== Materials provided ==

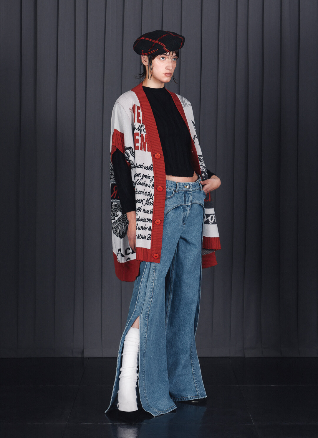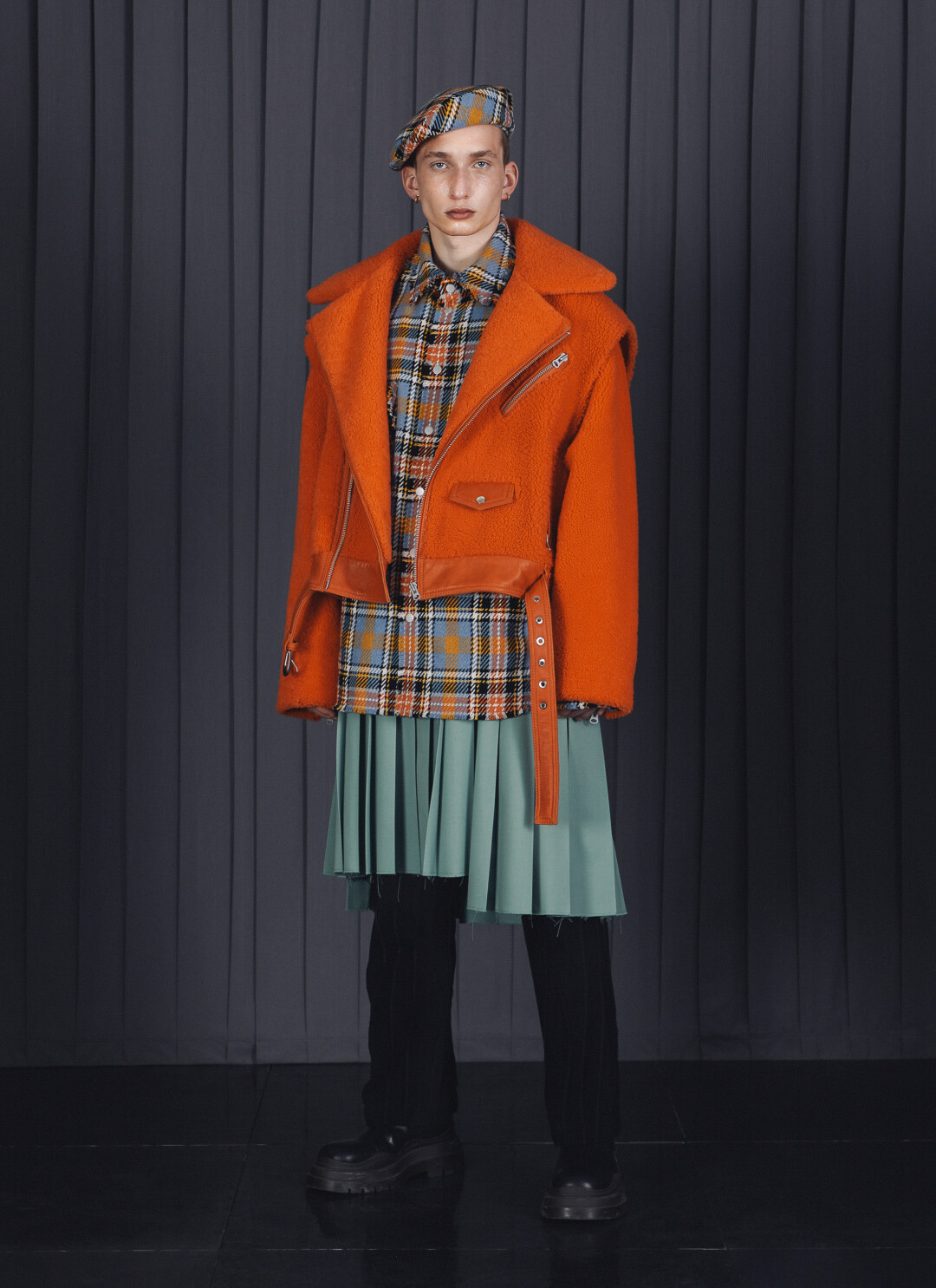Также в коллекции много объемной верхней одежды и денима. Главный стилистический прием — многослойность. Например, клетчатые юбки-плиссе на брюки и платья поверх брюк.
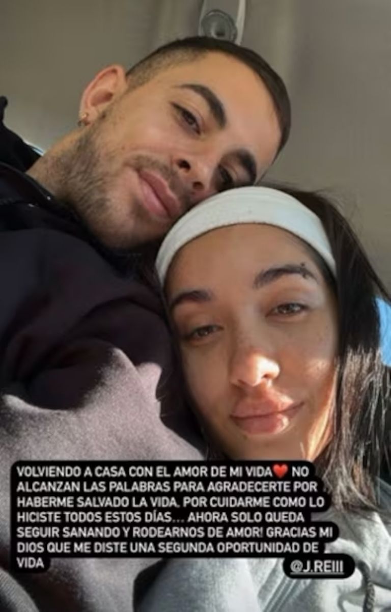 «Volviendo a casa con el amor de mi vida. No alcanzan las palabras para agradecerte por haberme salvado la vida, por cuidarme como lo hiciste todos estos días… Ahora solo queda seguir sanando y rodearnos de amor. Gracias mi Dios que me diste una segunda oportunidad de vida», expresó tras haber salido del hospital, según se puede leer en la historia de Instagram.
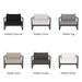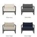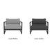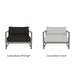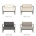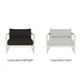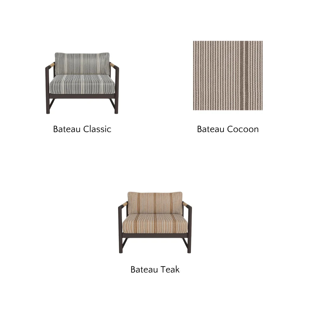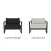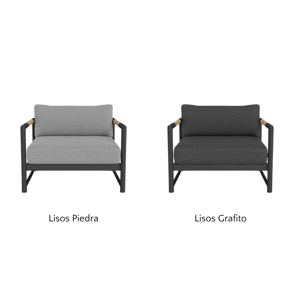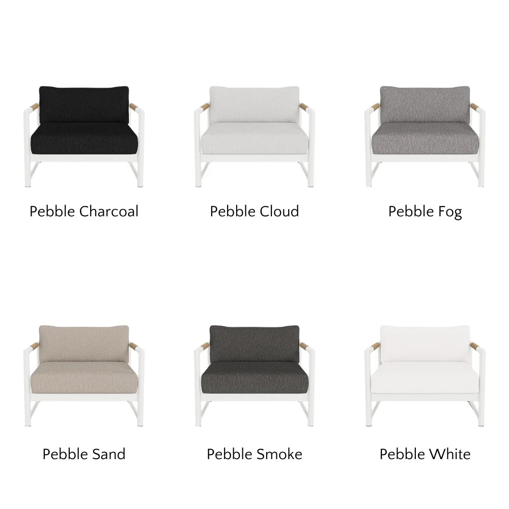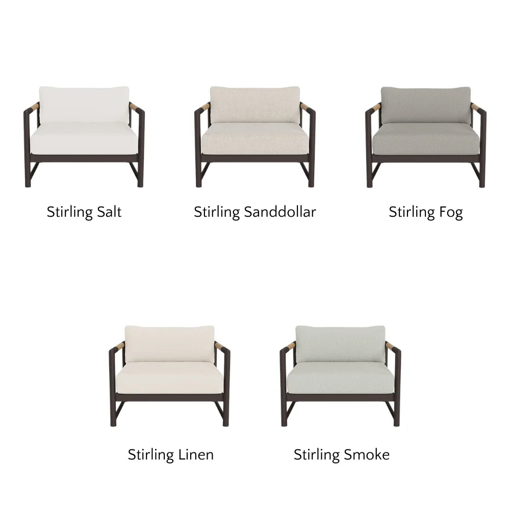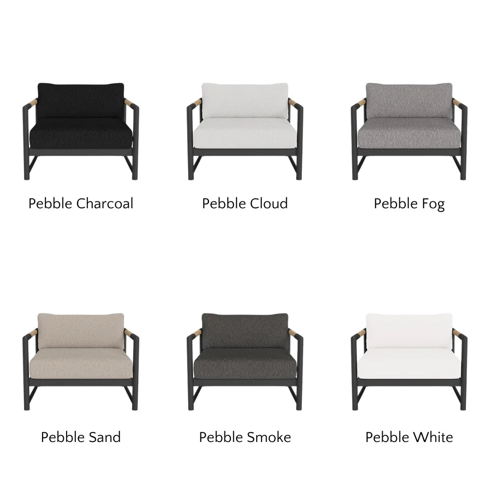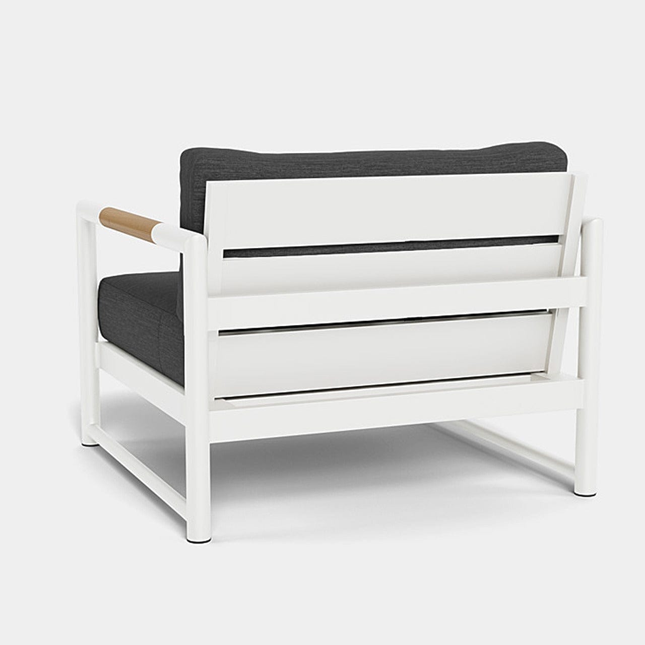 The frame is handcrafted from extruded aluminum and includes solid Indonesian teak inlays in the arms for added strength and aesthetic appeal. A superior quality powder coating is applied to the aluminum to resist corrosion, rust, and fading, ensuring long-term durability. The aluminum slatted suspension allows proper airflow and drainage while supporting the seat. The chair includes one seat cushion and one box back cushion, both filled with quick-dry flow-through foam and wrapped in Dacron for comfort. Cushions are weather-resistant and built to withstand mildew, fading, and stains.
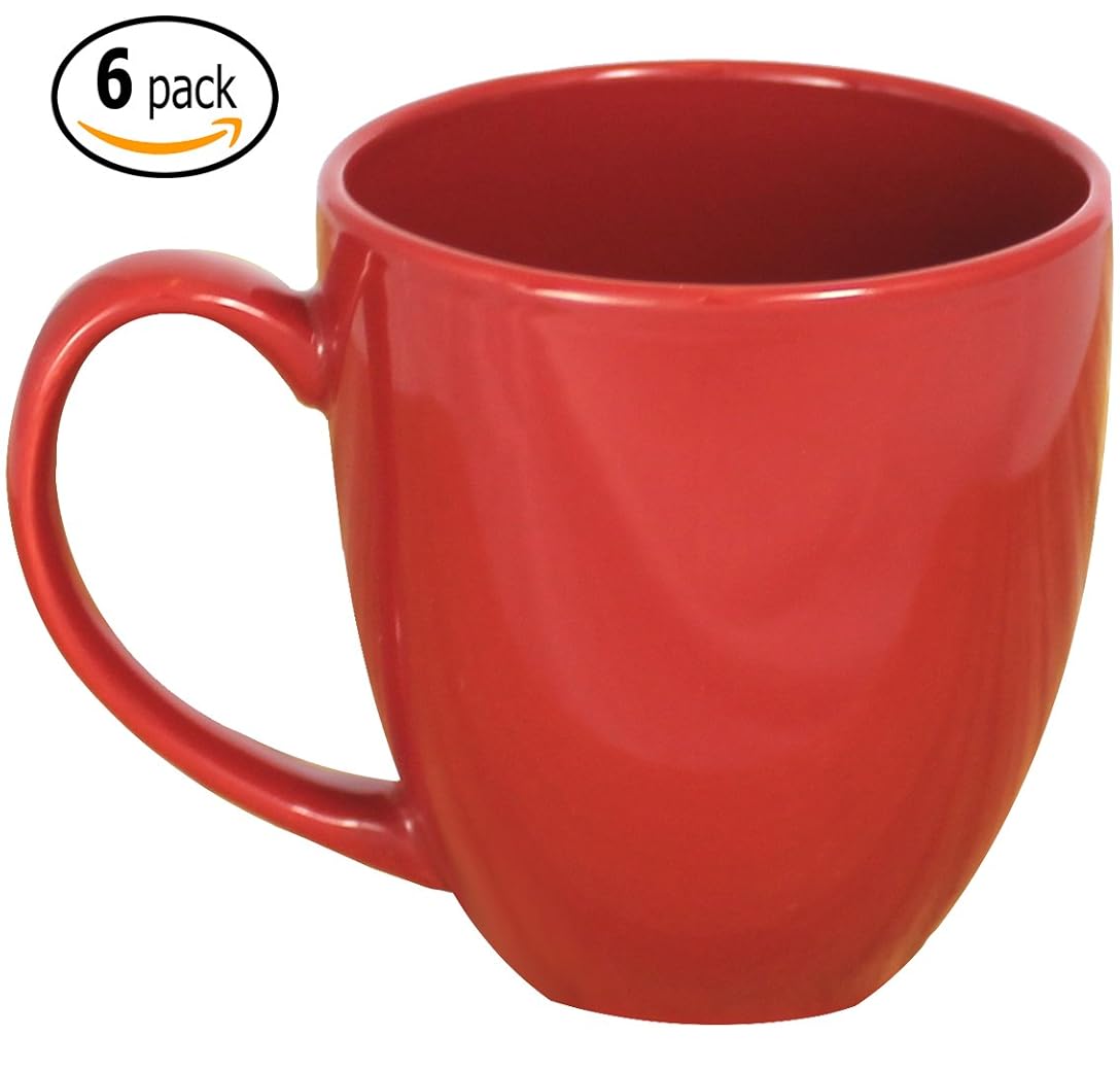 ITI Ceramic Bistro Coffee Mugs with Pan Scraper, 14 Ounce (6-Pack, Red) best Glassware & Drinkware
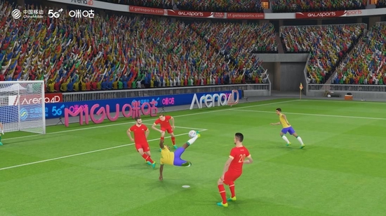 中国移动咪咕带到本届巴展的“元宇宙比特转播”吸引了大量现场观众驻足。2022年卡塔尔世界杯期间,咪咕公司通过算力和数字引擎技术率先实现了世界杯的比特转播。在赛场三维重构、人体运动模拟、竞技AI行为、大场景渲染等“硬技术”的组合加持下,用户可以进入1:1复刻的数字卢塞尔球场,观赏到360°子弹时间、球员第一人称视角、鹰眼环绕等游戏级视效。咪咕公司不仅通过比特转播技术让用户的观赛体验更加沉浸,还打造了世界杯游戏互动关卡。用户只需登录咪咕快游就能即点即玩、亲自还原精彩进球,实现了从“观看比赛”到“上场比赛”的体验升级。

===

Task to carry out: What you give back must match the lines from the start of the records through the line that contains "historia de Instagram.", exactly, with the pictures left out.

Answer space:
Также в коллекции много объемной верхней одежды и денима. Главный стилистический прием — многослойность. Например, клетчатые юбки-плиссе на брюки и платья поверх брюк.
 «Volviendo a casa con el amor de mi vida. No alcanzan las palabras para agradecerte por haberme salvado la vida, por cuidarme como lo hiciste todos estos días… Ahora solo queda seguir sanando y rodearnos de amor. Gracias mi Dios que me diste una segunda oportunidad de vida», expresó tras haber salido del hospital, según se puede leer en la historia de Instagram.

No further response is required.